AbstractThe aim of this study was to compare the elimination of Bordetella pertussis clinical isolates, representing different genotypes in relation to alleles encoding virulence factors (MLST—multi-locus antigen sequence typing), MLVA type (multi-locus variable-number tandem repeat analysis) and PFGE group (pulsed-field gel electrophoresis) from the lungs of naive mice or mice were immunised with the commercial whole-cell pertussis vaccine, the acellular pertussis vaccine and the experimental whole-cell pertussis vaccine.

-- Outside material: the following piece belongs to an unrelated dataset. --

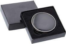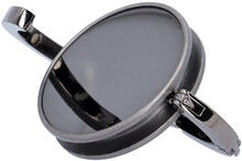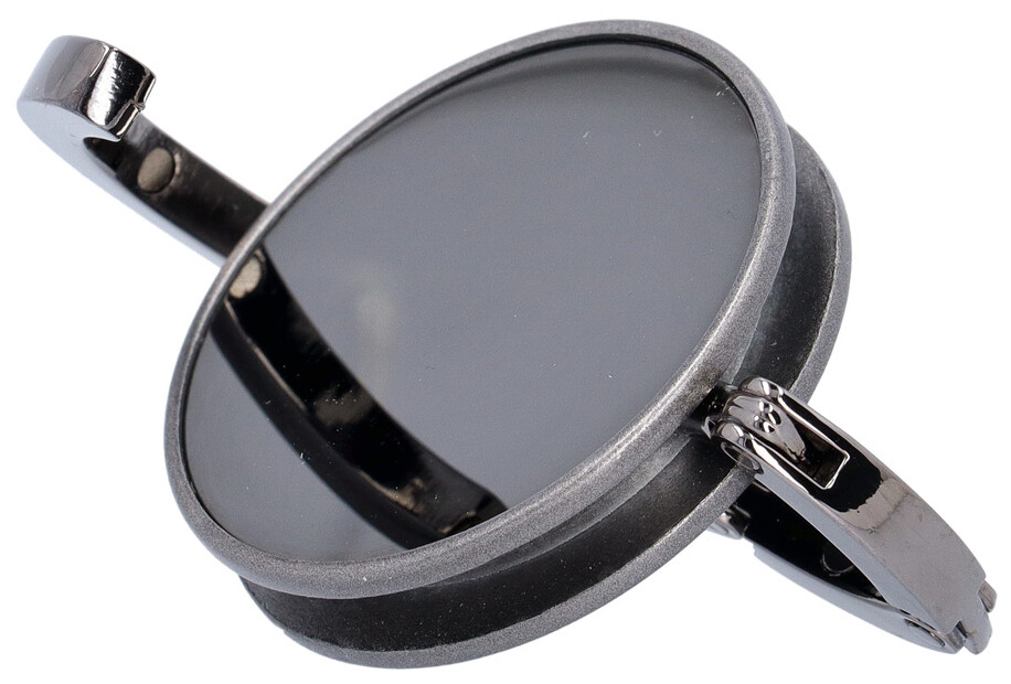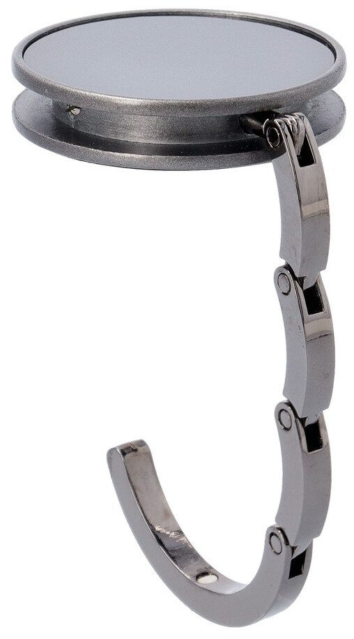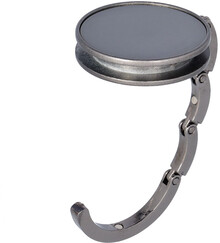 Kovový věšáček na tašku v barvě gun metal s lesklým povrchem. Magnetické zavírání.

Molecular data indicate that the resurgence of pertussis in populations with high vaccine coverage is associated with genomic adaptation of B. pertussis, to vaccine selection pressure. Pertactin-negative B. pertussis isolates were suspected to contribute to the reduced vaccine effectiveness. It was shown that one of the isolates used is PRN deficient. The mice were intranasally challenged with bacterial suspension containing approximately 5 × 10 7 CFU/ml B. pertussis. The immunogenicity of the tested vaccines against PT (pertussis toxin), PRN (pertactin), FHA (filamentous haemagglutinin) and FIM (fimbriae types 2 and 3) was examined. The commercial whole-cell and acellular pertussis vaccines induced an immunity effective at eliminating the genetically different B. pertussis isolates from the lungs. However, the elimination of the PRN-deficient isolate from the lungs of mice vaccinated with commercial vaccines was delayed as compared to the PRN ( +) isolate, suggesting phenotypic differences with the circulating isolates and vaccine strains. The most effective vaccine was the experimental vaccine with the composition identical to that of the strains used for infection.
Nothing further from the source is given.